## Instructions for the task:
The answer must consist only of the lines in the records below from the line with "转型已是企业发展的必答题,不" to the line with "整個(gè)西峰為一塊渾然天", both included, copied word for word with every picture left out.
─── Supplied data
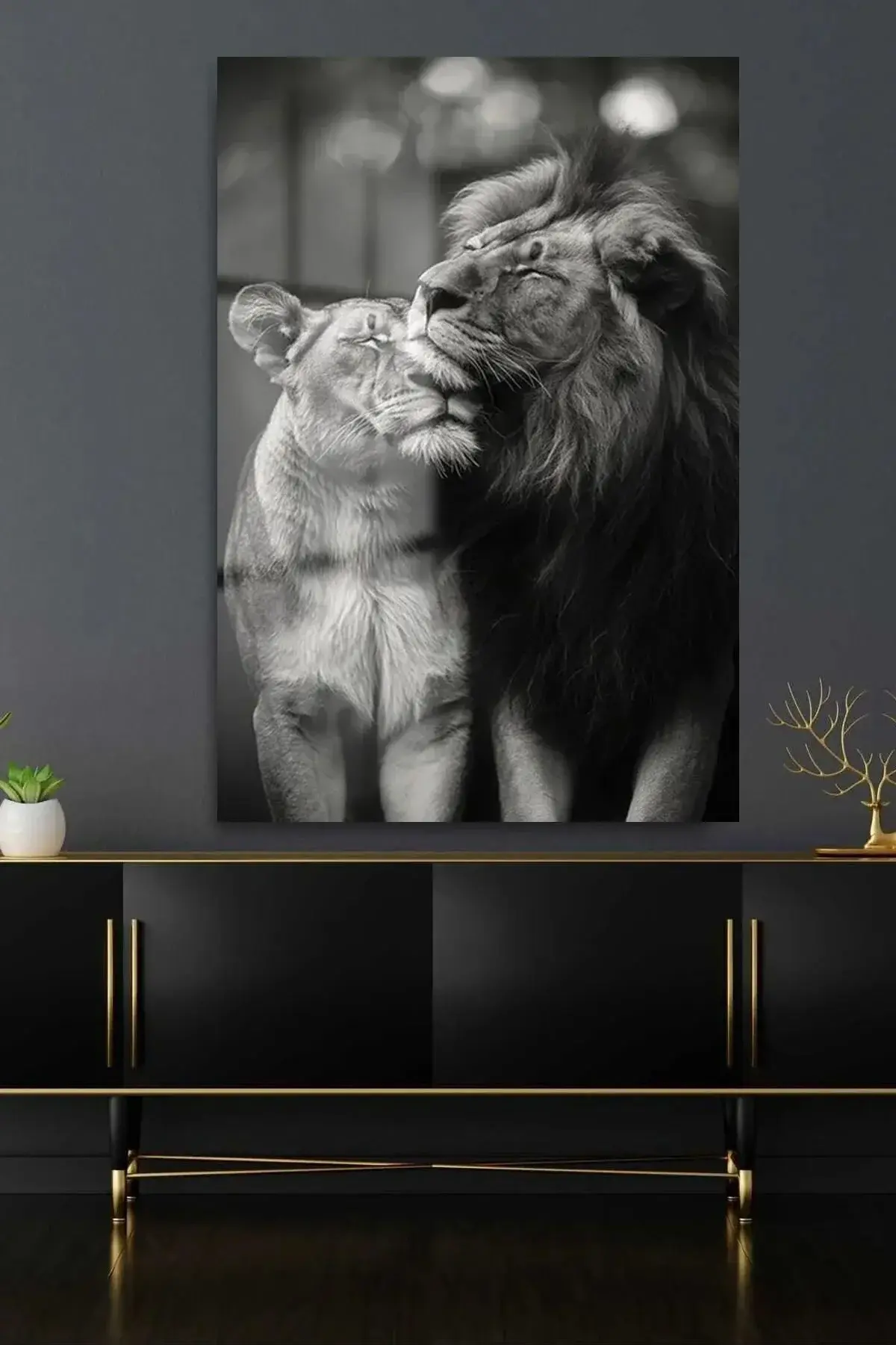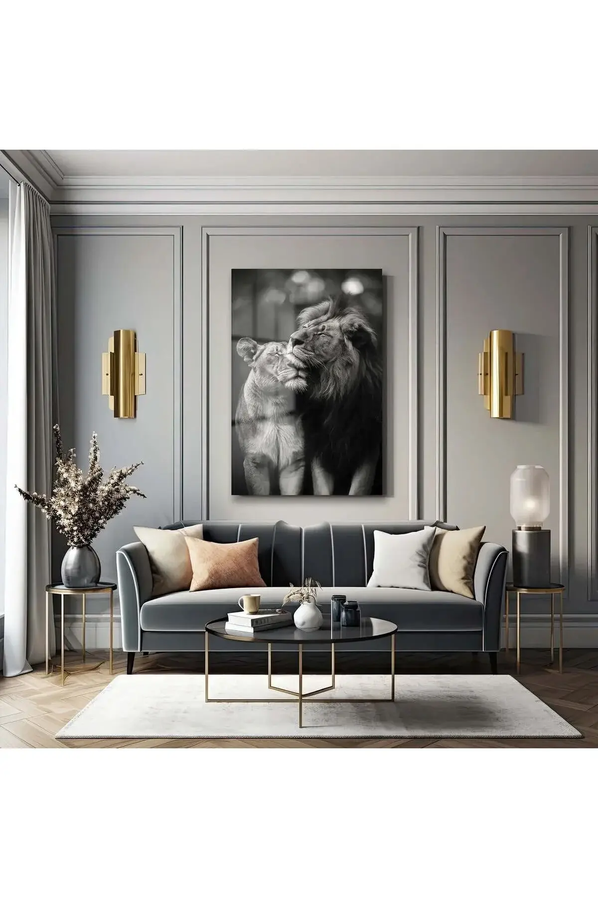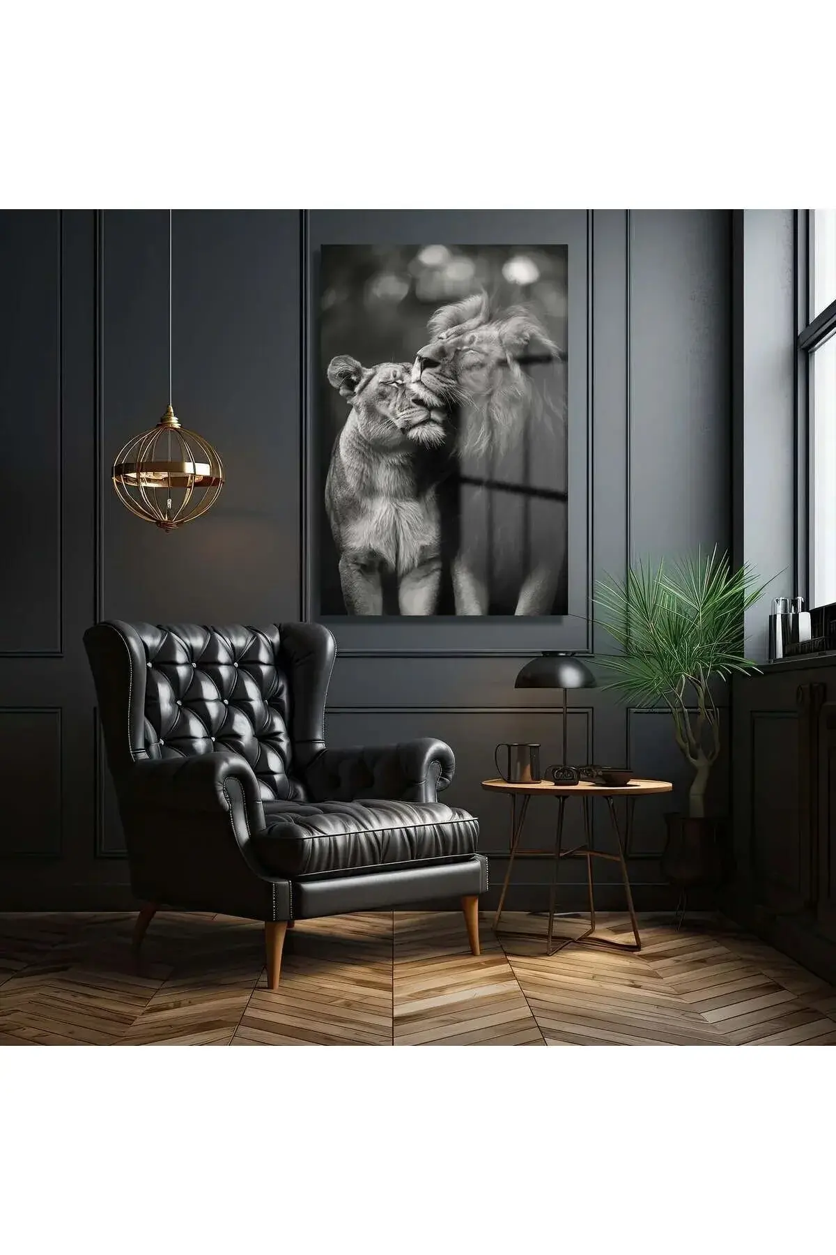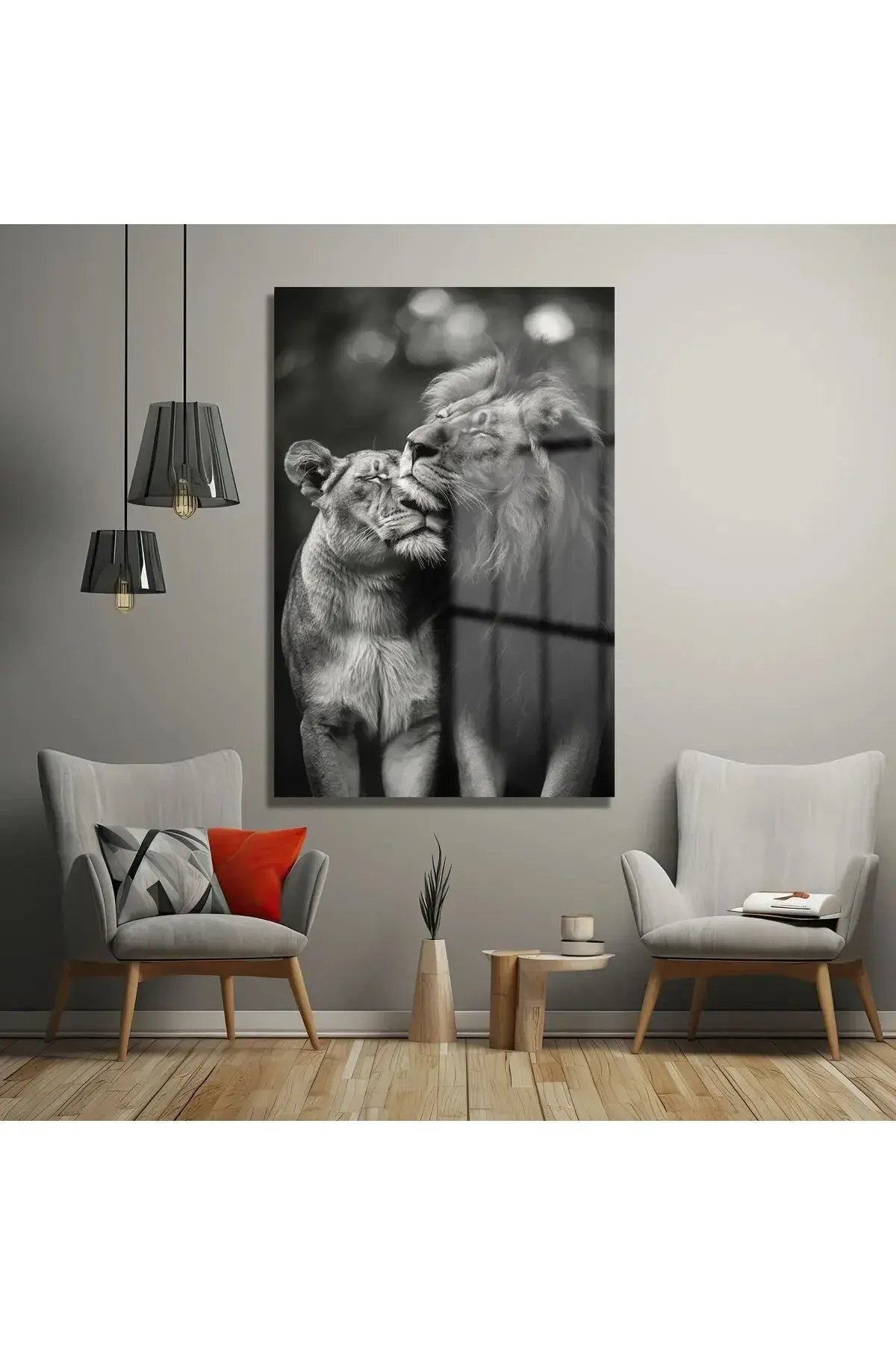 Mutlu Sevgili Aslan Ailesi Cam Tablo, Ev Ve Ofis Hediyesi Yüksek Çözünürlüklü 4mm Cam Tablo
──────
─── Supplied data
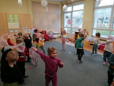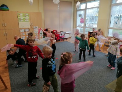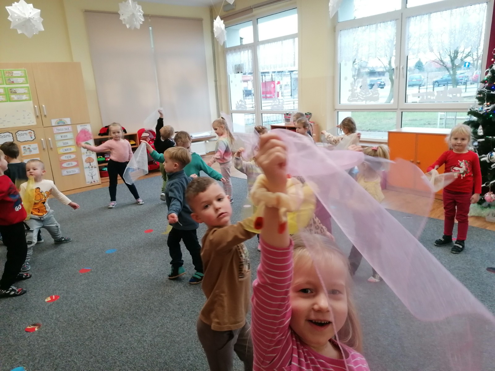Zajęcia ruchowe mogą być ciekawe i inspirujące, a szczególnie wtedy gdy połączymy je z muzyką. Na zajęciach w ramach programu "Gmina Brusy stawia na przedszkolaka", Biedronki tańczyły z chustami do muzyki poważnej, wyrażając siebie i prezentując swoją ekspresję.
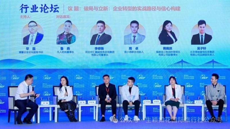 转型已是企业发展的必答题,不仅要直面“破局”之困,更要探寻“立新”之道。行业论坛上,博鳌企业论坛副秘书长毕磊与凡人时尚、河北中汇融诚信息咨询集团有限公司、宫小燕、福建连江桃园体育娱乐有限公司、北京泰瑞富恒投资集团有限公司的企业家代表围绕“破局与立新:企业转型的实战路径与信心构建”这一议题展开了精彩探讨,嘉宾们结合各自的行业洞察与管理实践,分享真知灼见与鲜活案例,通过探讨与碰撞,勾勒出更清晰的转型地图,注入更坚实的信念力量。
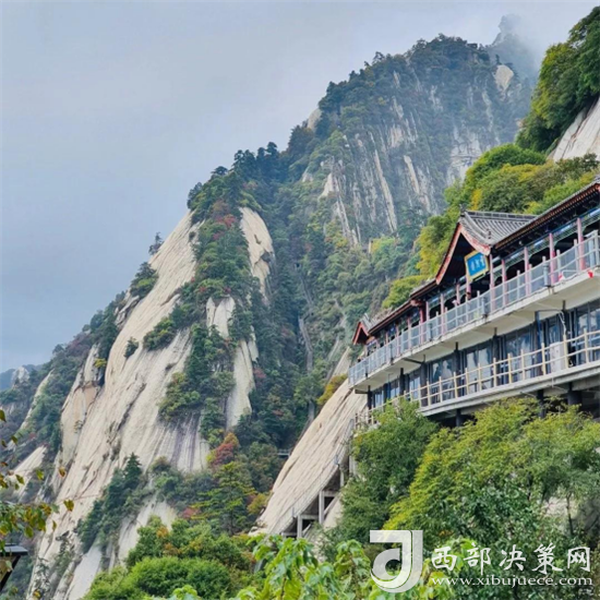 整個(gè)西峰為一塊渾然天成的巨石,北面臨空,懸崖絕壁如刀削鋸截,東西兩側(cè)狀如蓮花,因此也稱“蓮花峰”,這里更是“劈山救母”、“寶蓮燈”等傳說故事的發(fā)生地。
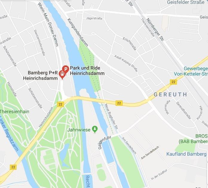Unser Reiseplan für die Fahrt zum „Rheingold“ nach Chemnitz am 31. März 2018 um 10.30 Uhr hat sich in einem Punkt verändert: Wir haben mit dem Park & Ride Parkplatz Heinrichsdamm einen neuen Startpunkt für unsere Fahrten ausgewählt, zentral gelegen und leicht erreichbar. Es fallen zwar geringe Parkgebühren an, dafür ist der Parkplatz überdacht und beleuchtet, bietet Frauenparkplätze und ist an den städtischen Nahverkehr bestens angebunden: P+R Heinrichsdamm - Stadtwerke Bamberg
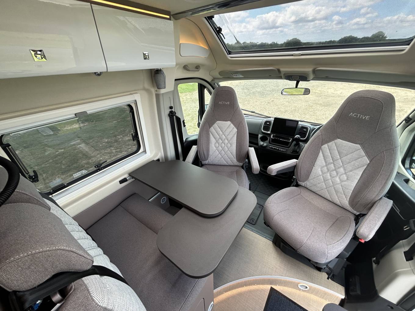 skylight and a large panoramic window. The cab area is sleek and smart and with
──────
## Result below:
 转型已是企业发展的必答题,不仅要直面“破局”之困,更要探寻“立新”之道。行业论坛上,博鳌企业论坛副秘书长毕磊与凡人时尚、河北中汇融诚信息咨询集团有限公司、宫小燕、福建连江桃园体育娱乐有限公司、北京泰瑞富恒投资集团有限公司的企业家代表围绕“破局与立新:企业转型的实战路径与信心构建”这一议题展开了精彩探讨,嘉宾们结合各自的行业洞察与管理实践,分享真知灼见与鲜活案例,通过探讨与碰撞,勾勒出更清晰的转型地图,注入更坚实的信念力量。
 整個(gè)西峰為一塊渾然天成的巨石,北面臨空,懸崖絕壁如刀削鋸截,東西兩側(cè)狀如蓮花,因此也稱“蓮花峰”,這里更是“劈山救母”、“寶蓮燈”等傳說故事的發(fā)生地。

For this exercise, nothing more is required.